Nelson is far from optimistic, saying: “I think we will be one of the last sectors to come out of lockdown and I don’t think we will ever return to the ways things used to be.
"Sadly, a huge number of venues have struggled financially and haven't been supported by the government. A lot of these will never open again. The uncertainty and cautiousness about a way out of this doesn’t help.
“It’s a shame because the audience demand, I believe, will be huge. The appetite for comedy is even greater than before. I just hope the government allow us to get back to work.”
Like most performers, cultural commentator Pat Kane, singer with Hue and Cry, admits he has not idea what the future is likely to hold.
He says: “It all depends on whether we manage to suppress the virus, or we’re in a cycle of lockdown/open up, as nature tries to get us.

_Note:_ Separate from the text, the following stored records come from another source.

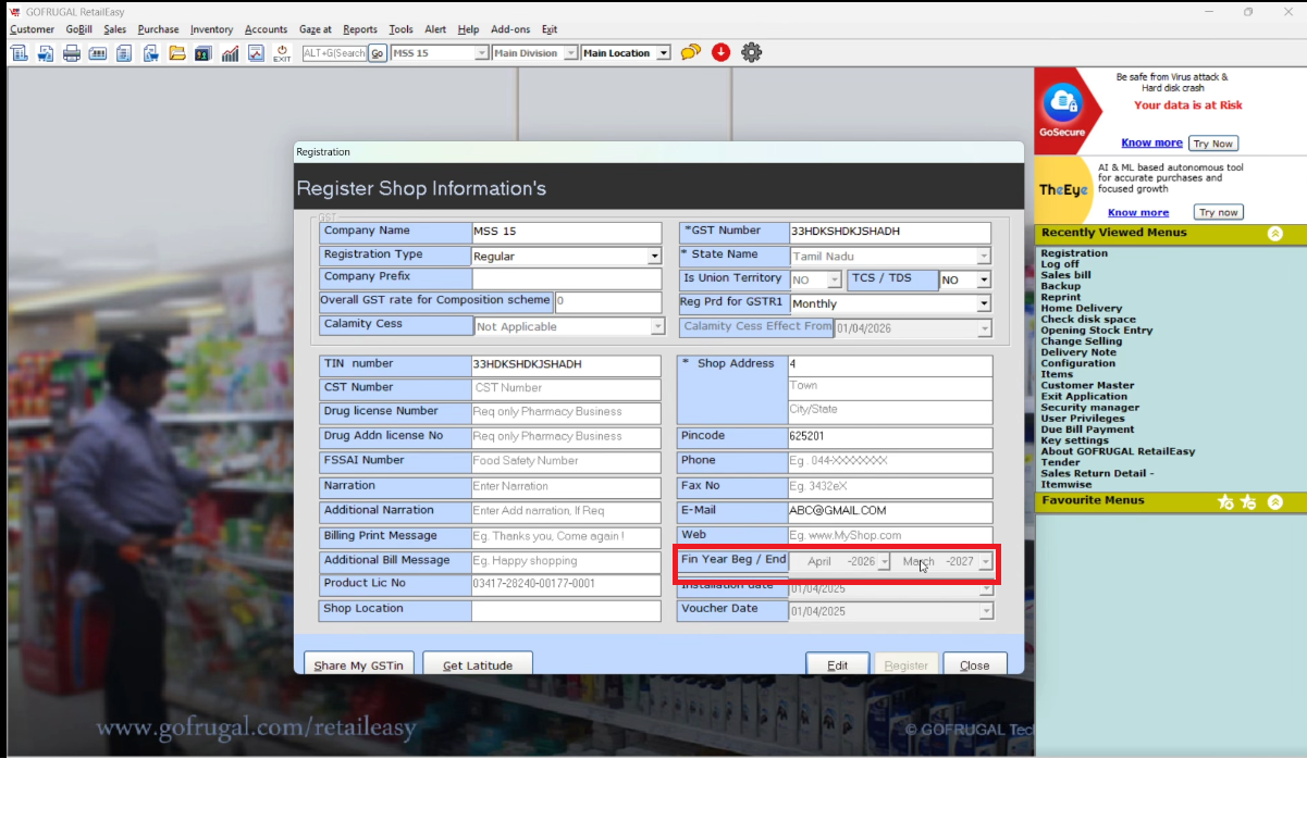 In the Registration Master, confirm that the Financial Year Begin/End is set to April 2026 - March 2027.
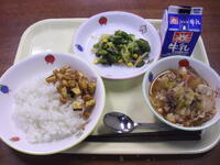 なっとう和えは、しょうゆ、からし、みりんを合わせたドレッシングで味付けをしました。ご飯に良く合いました。
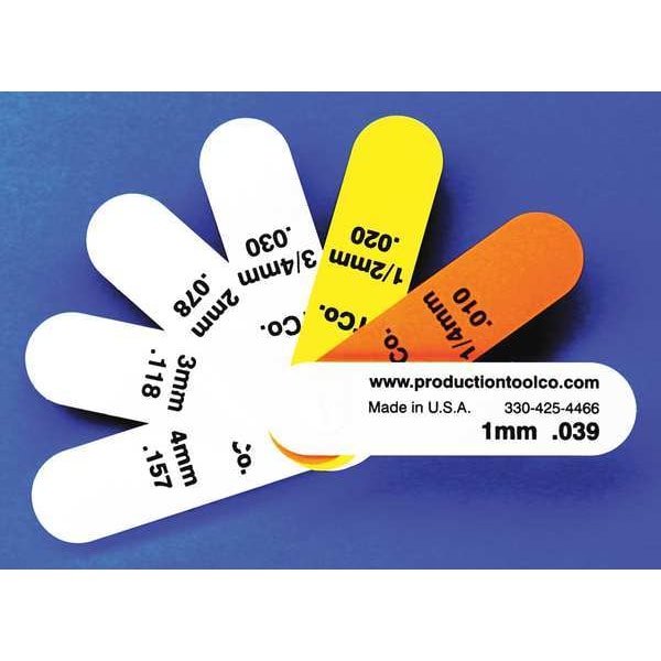 Feeler Gauge, Finish Uncoated, Blade Length 76 mm, Blade Material Plastic, Blade Style Short Blade, Dimension Type Metric, Included Certification Not Applicable, Non-Marring No, Number of Feeler Blades 7, Tolerance +/-5 Percent, Blade Width 19 mm, Included Blades 0.25mm, 0.5mm, 0.75mm, 1mm, 2mm, 3mm, 4mm, Locking Device No, Markings Metric, Non-Magnetic Yes
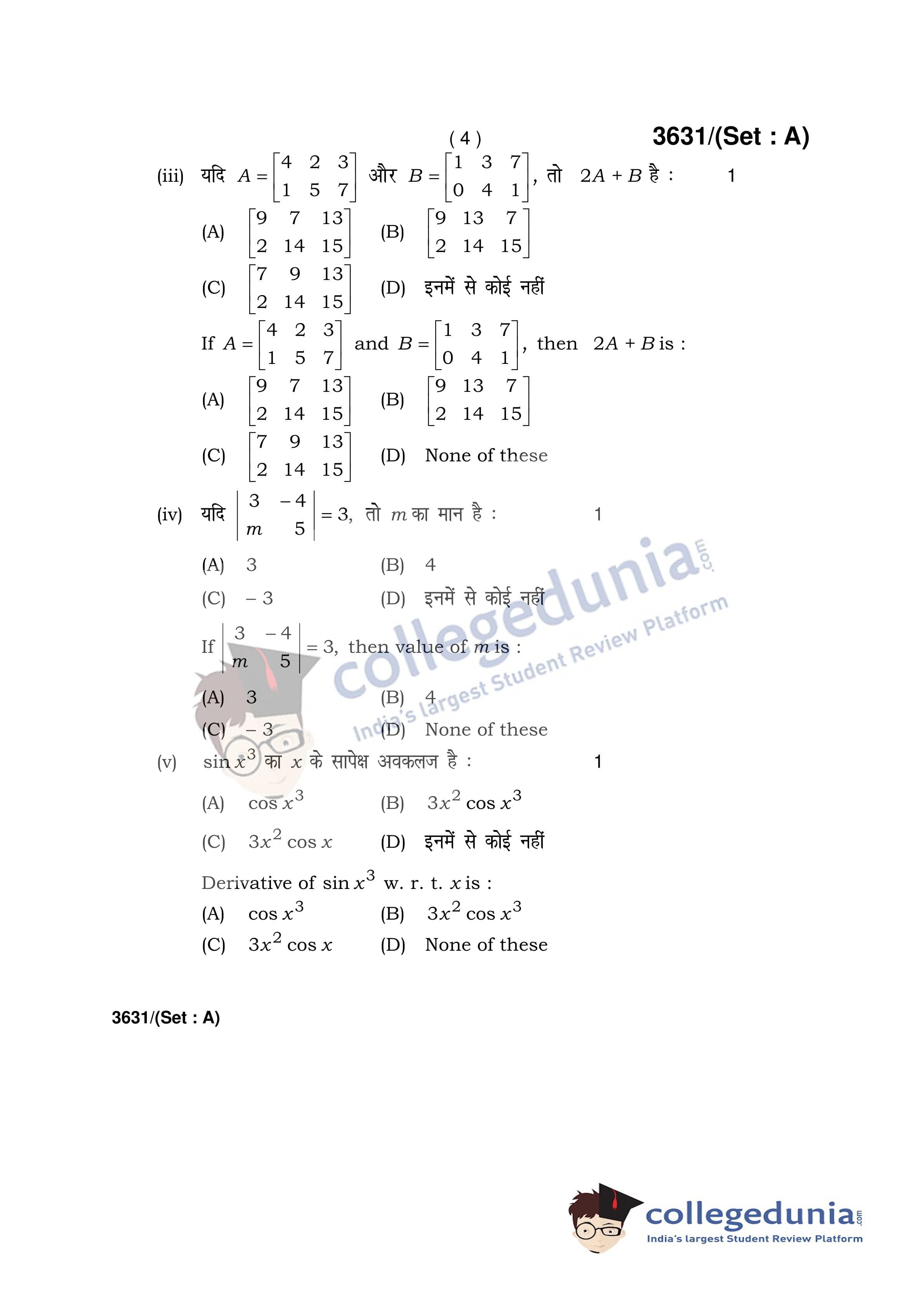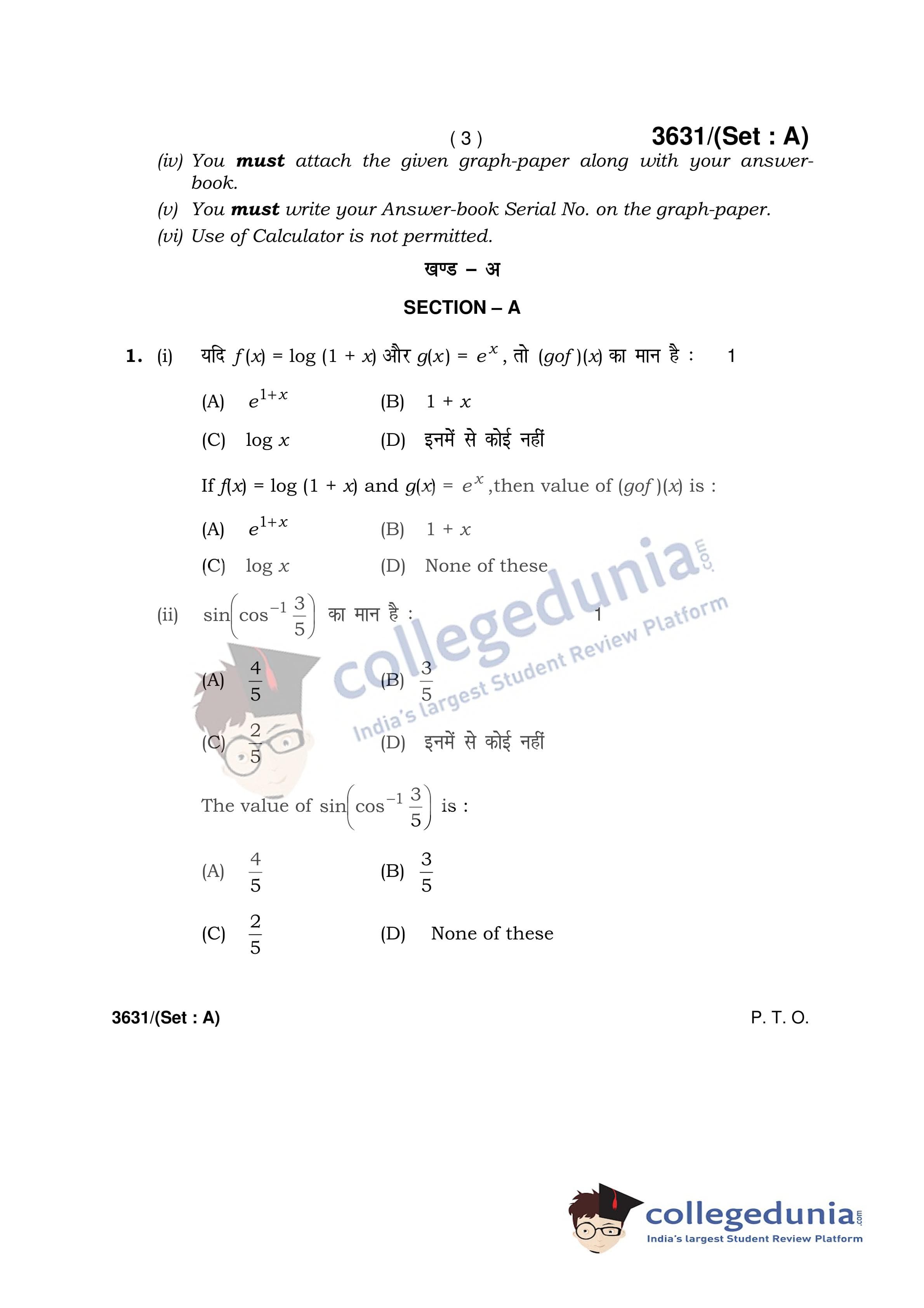 HBSE Class 12 Mathematics Question Paper 2018 with Answer Key Set A is available for download. The exam was conducted by the Board of School Education Haryana on March 19, 2018 in the Afternoon Session 12:30 PM to 3:30 PM. The medium of paper was English and Hindi. The question paper comprised a total of 20 questions.

“If the former, there’ll be a relieved outburst of socialising and we’ll have more live work than we can deal with.
“But if the latter, then I think we’ll have to intensify the experience of beaming live into people’s living rooms.
“The livestream can be intimate and friendly—but it will be weird for the balance to be tipped this way.
"I hope, either way, there is an increased commitment from both bands and fans to much greener lifestyles. It’s the only way to fix the problem at source.”
Jackson is upbeat about the prospects of a return to performing live this year.
She says: "I think things will be back to normal-ish soon. The Covid numbers are going down and the vaccine numbers are going up so it’s all looking pretty hopeful.
“I’m seriously excited to be on a stage with hundreds of people packed into a room again.”